当然ながら、留学生アルバイトもすっかりいなくなっている。このあたりの実状について、関東圏で50店舗以上を展開する、焼き肉チェーンに勤務するK氏に話を聞いた。
「コロナ前は全店で常時300~400人くらいの留学生アルバイトを雇っていましたが、今は50人くらいになっています。最近いくつかの日本語学校に掛け合ってみましたが、全然応募がこないですね。そもそも在籍者がいなくなっているようなので仕方ないのですが……」
確実に「日本に来たい外国人の若者」は減っている
この話、これから留学生の数がV字回復するのであれば問題はない。だが、日本に対する憧れが低下している今、おそらく留学生の数が当面大きく増えることはないだろう。今後、以下の2つの「減少」が見込まれるからだ。
これまで日本語学校を卒業した留学生は、8割がた日本の高等教育機関に進学していた。いきなり大学に進学するケースもあるが、日本語学校から専門学校、大学と段階を踏んで進学するケースのほうが多い。
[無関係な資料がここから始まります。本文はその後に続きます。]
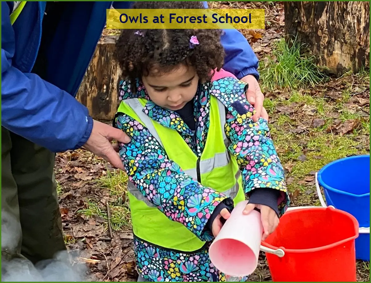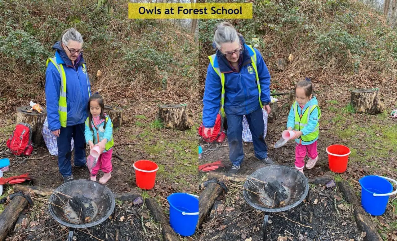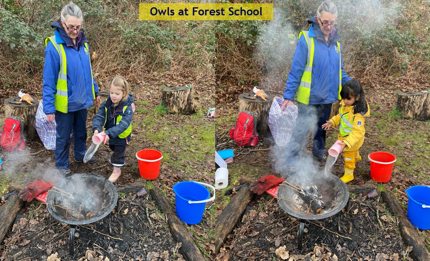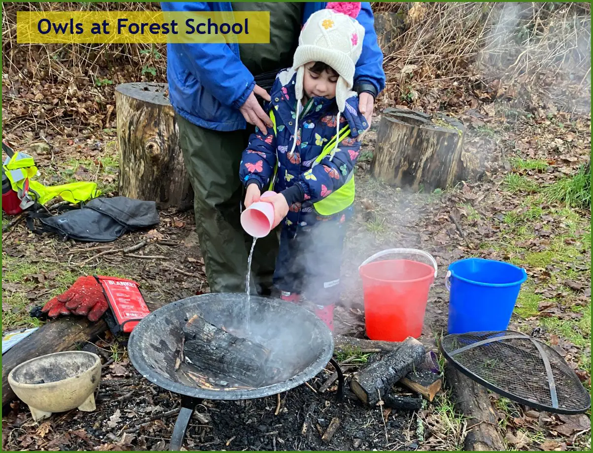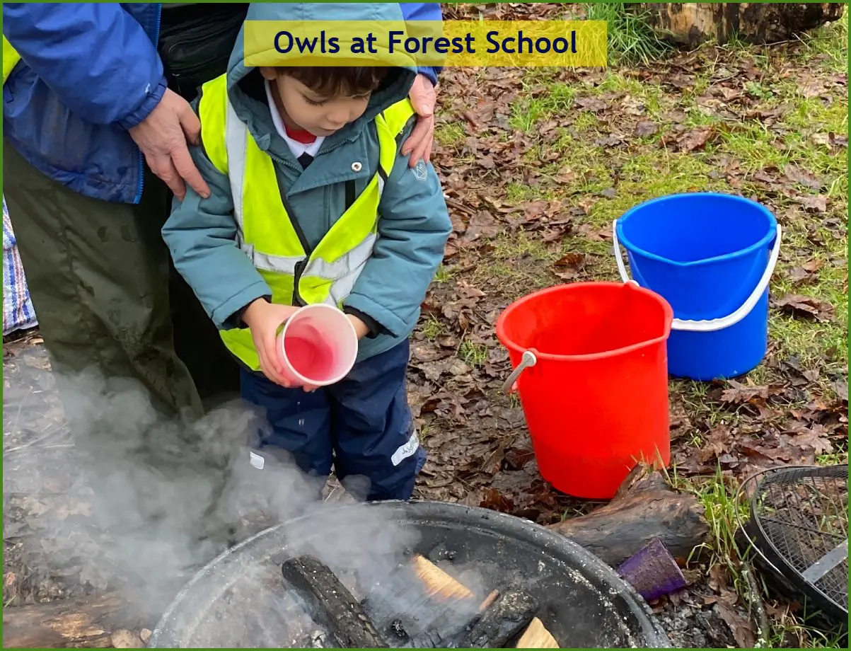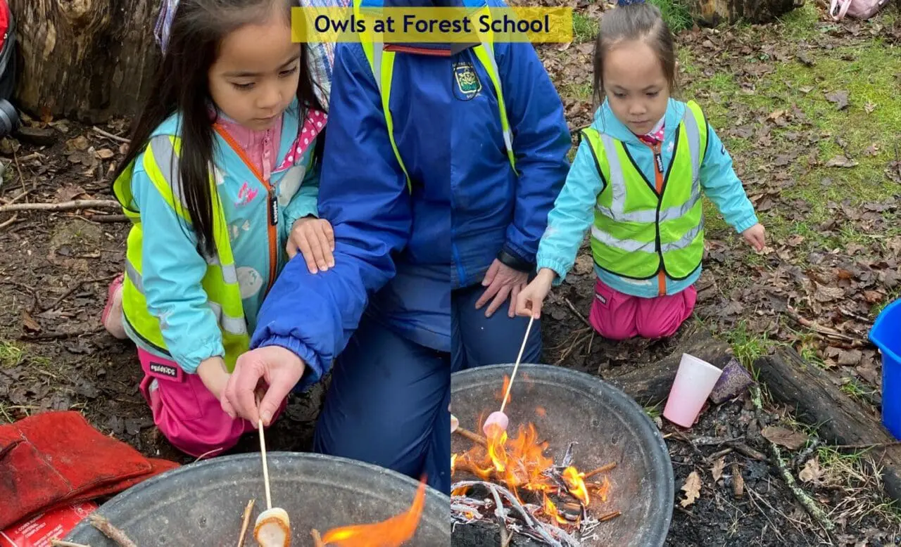 The Wise Owl groups did so well this week remembering the Forest School rules in keeping safe around fire. They cooked marshmallows with safe kneeling and enjoyed putting out the fire with water remembering to walk on the outside of the fire circle. Well done!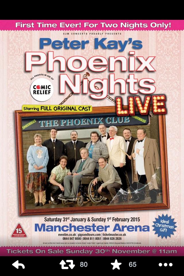 @BBCNews Peter Kay to bring back#PhoenixNights for two live shows in aid of@comicrelief http://bbc.in/1zzztJJ@Smartle@bakerssssssThanks. Twitter will use this to make your timeline better. UndoUndo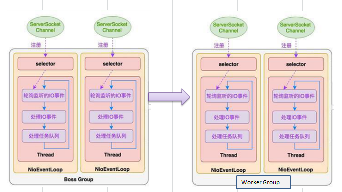 Netty抽象出两组线程池BossGroup专门负责接收客户端的连接,WorkerGroup专门负责网络的读写BossGroup和WorkerGroup类型都是NioEventLoopGroupNioEventLoopGroup相当于一个事件循环组,这个组中含有多个事件循环,每一个事件循环是NioEventLoopNioEventLoop表示一个不断循环的执行处理任务的线程,每个NioEventLoop都有一个Selector,用于监听绑定在其上的socket的网络通讯NioEventLoopGroup可以有多个线程,即可以含有多个NioEventLoop- 每个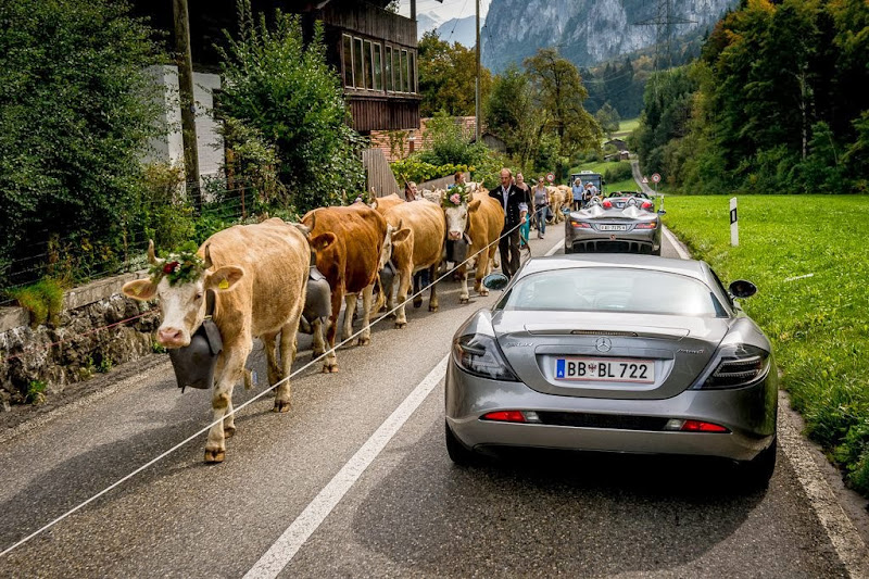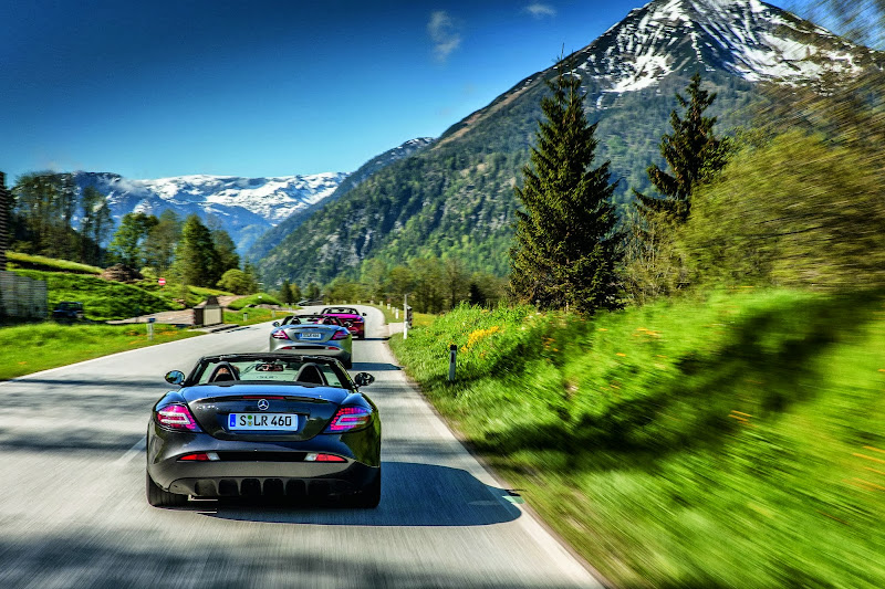 2003年的時候,德國Mercedes Benz與英國超級跑車廠McLaren聯手推出絕世美型的Mercedes Benz SLR McLaren,其中SLR三個英文字母乃Sport Light Racing的縮寫,七年間總共生產約3,500部。發表這款跑車之時,Mercedes Benz集團擁有McLaren大約40%的股份,也是促成這項經典合作案的主要原因之一。時至今日,要在路上目睹Mercedes Benz SLR McLaren風采的機率並不大,更不用說是一群SLR車隊,尤其是場景拉到瑞士(Swiss)的鄉間小路時。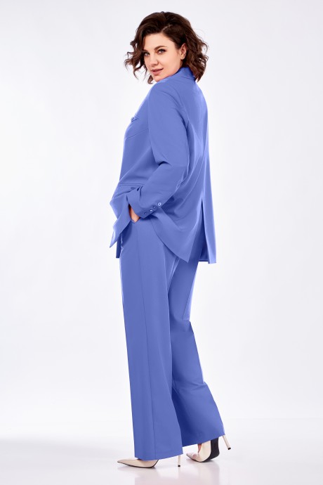 Костюм трехпредметный: жакет, блузка, брюки. Жакет прямого силуэта, на подкладке, с нагрудными вытачками, карманы с клапанами в рамку, в верхней части декоративная листочка с пуговицей, по спинке средний шов с глубокой шлицей, начинается на уровне лопаток. Рукав двухшовный, по локтевому шву шлицы с застежкой на четыре пуговицы. Блузка прямого силуэта, с нагрудными вытачками, разрезами в боковых швах, без рукава. Брюки слегка заужены к низу, на поясе, по спинке резинка, застежка на пуговицу и тесьму-молнию, с наклонными карманами к боковому шву, справа на заднем полотнище декоративный карман в рамку с пуговицей.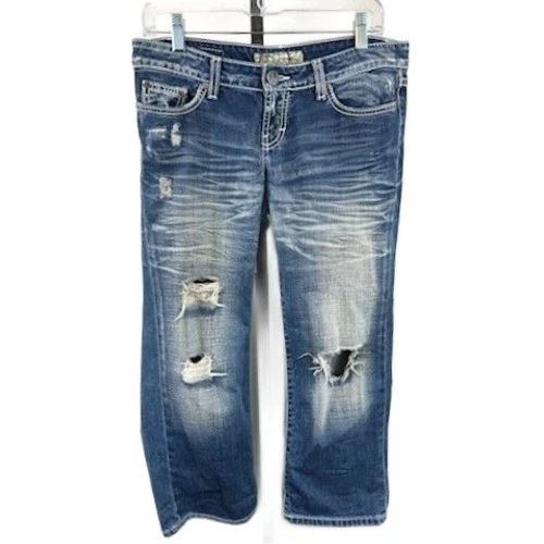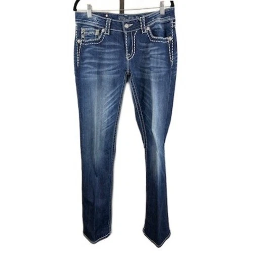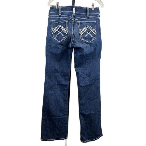 Ariat REAL Denim bootcut jeans in a medium wash. These jeans feature a classic five-pocket design with intricate white and gold stitching on the back pockets and front coin pocket. A decorative button with the Ariat logo adorns the front closure. The waistband lining showcases a subtle paisley print. Perfect for a casual day out or a country music concert.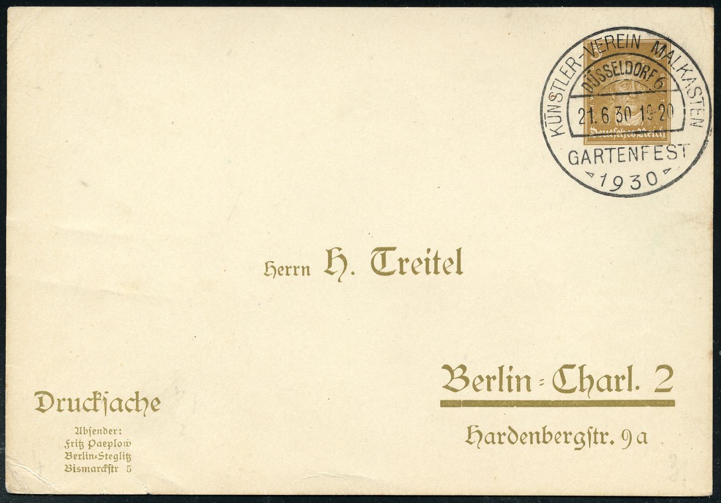6206 | 28 € | 4000 Düsseldorf Sonderstempel : DÜSSELDORF 6/ KÜNSTLER-VEREIN MALKASTEN/ GARTENFEST 1930 (21.6.) seltener SSt auf PP 3 Pf. Goethe, braun (H. Treitel, Mi.PP 97/B6, minim. Eckbugspur) glasklar gest.! (Bo.31) | ![]() | |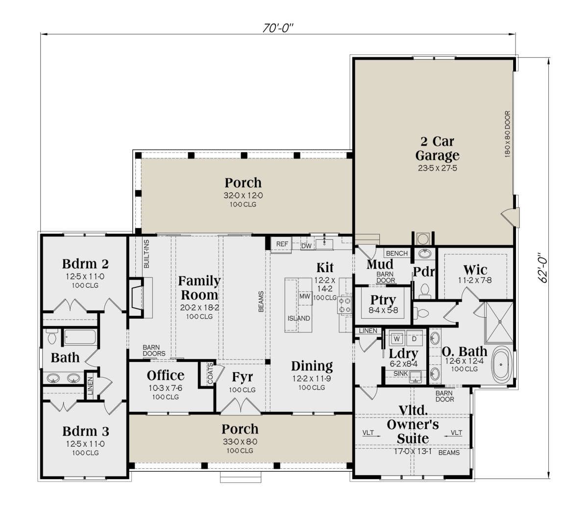 This plan uses a split-bedroom layout, which basically means the primary suite is on one side of the house and the secondary bedrooms are on the opposite side. That gives everybody privacy and keeps noise down.

ところが、コロナ禍で日本語学校の入学者が激減してしまった。2019年に8万3811人いた日本語学校在籍者が、2022年5月時点で4万9405人まで減少している。この3年で人数が半分近くになったのだ。そして入国制限が解除された今も、入学者がかつての水準に戻りそうな勢いは感じられない。
つまり日本語学校の生徒数が減ったということは、そこから専門学校、専門学校から大学に進学する留学生は、これから間違いなく減っていく。そしてこの状況は、一時的なものではなく当面続く可能性が高いのだ。